Pre-Compositing Textures for Terrain Rendering

Download Article

Download Pre-Compositing Textures for Terrain Rendering [PDF 632KB]

Introduction

There are many ways to generate and render terrain, but for years one of the most common ways has been to generate a terrain from a heightmap and use a mask texture to blend, or composite, diffuse textures together. Depending on the number of textures blended, this can be a fairly time consuming operation as it typically involves multiple texture samples over a large number of pixels. One solution is to take advantage of the fact that both terrain geometry and terrain texturing are almost always static and don’t change every frame, or even during the entire game. This allows the programmer to switch the texture compositing from the GPU, where it is calculated every frame, to the CPU where it is only calculated when needed. If this concept is taken to the extreme, the textures for the entire terrain can be baked prior to run-time resulting in the “mega-texture.” The middle ground is where this sample focuses, showing how to composite both diffuse textures and normal maps in the area immediately surrounding the camera in order to save time on the GPU.

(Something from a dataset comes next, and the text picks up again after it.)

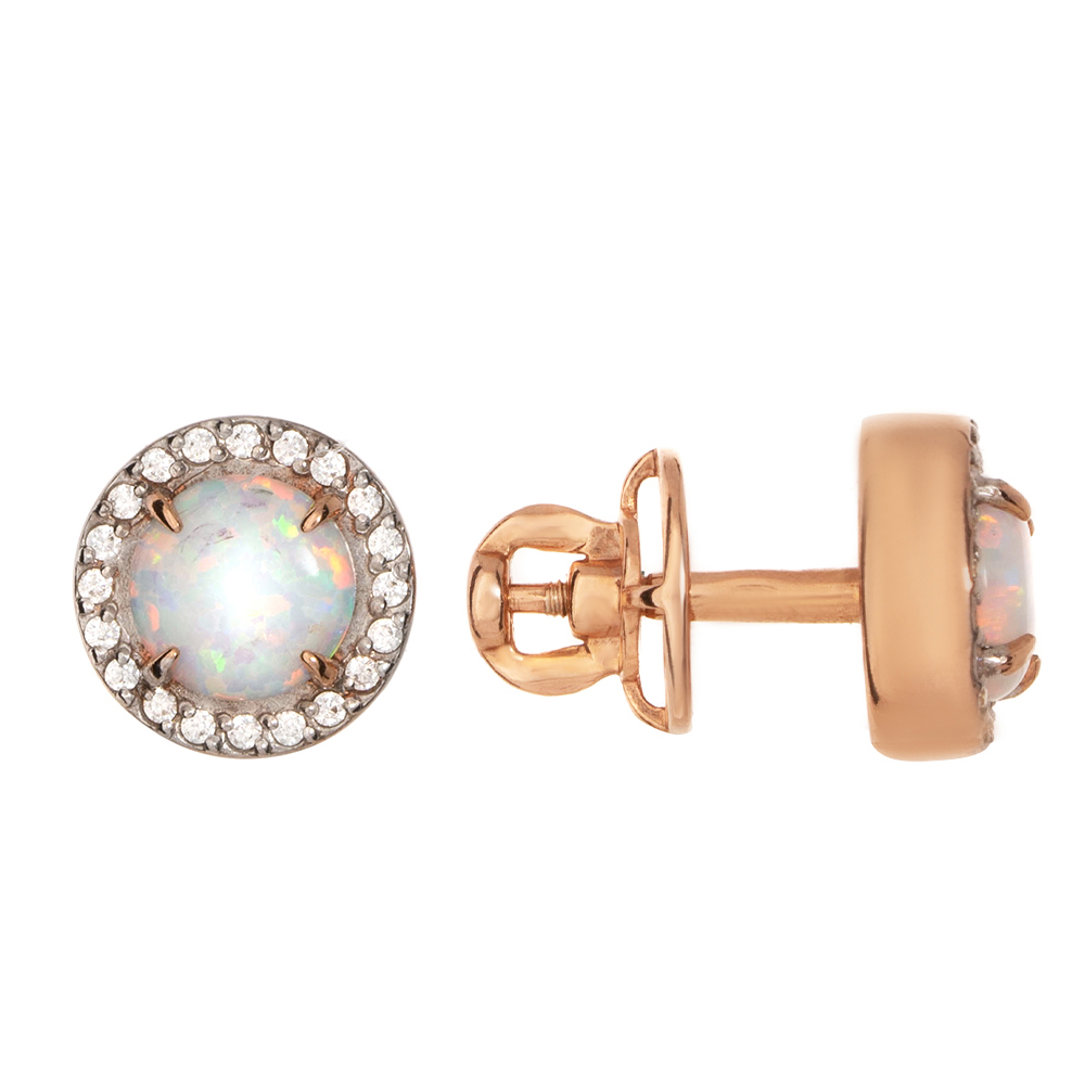 Вставки: 2шт опал белый синт круг кабошон 6мм, 40шт фианит бесцв круг грань 0,9мм

Texture Compositing Overview

Texture compositing (or texture splatting) is a technique where a mask (or blend) texture is used to determine how to blend textures together [1]. For example, if the terrain contains a grass texture, a single channel texture can be used to denote how much grass should be visible with 0.0 indicating no grass and a 1.0 indicating 100% and anything in between being partially transparent grass. For each additional texture that is added to the mix, an additional channel is needed in the blend texture to represent that texture. If a RGBA8888 format texture is used, four diffuse maps can be controlled with a fifth texture blended in as a base texture. The fifth texture is applied first at full opacity with the remaining textures blended on top of it. In this sample, the blend texture is used to blend together five diffuse textures and five normal maps. Each normal map is paired with a diffuse texture and regulated by the same blend map channel. To combine the textures, a linear interpolation between the source and destination textures is used. This means that the order the textures are composited in makes a difference. If both grass and dirt have a 1.0 in their associated channels, whichever is blended last will obscure the other. Figure 1 shows an example composition of grass (base texture), dirt, stone, rock, and snow. The blend map stores the blend factor for the individual textures in the rgba channels.
 



Figure 1 - Texture Splatting - In this example, a blend map is used to blend together 4 textures with a 5th being used as a base texture. The red square simply denotes that only a portion of the blend map is used to generate the composited texture.

What to Composite

In order for compositing to work on the CPU, the terrain needs to be broken into tiles. If it is not, then the composited texture is either going to require a massive amount of memory as the entire terrain will be composited, or the resolution will be very low as it will be stretched out across the terrain. CPU-composited tiles are chosen based on the camera’s position. The sample uses the tile that contains the camera and the eight surrounding tiles. When the camera crosses into a new tile, tiles no longer in the grid are dropped and new ones are added; tiles that weren’t dropped out of the grid don’t need to be recomposited.
 



Figure 2 - The nine tiles surrounding the camera (C) are composited. If the camera moves to a new tile, composited textures for the out of bounds tiles are marked for deletion (D) while textures for newly in-range tiles are marked for compositing (N).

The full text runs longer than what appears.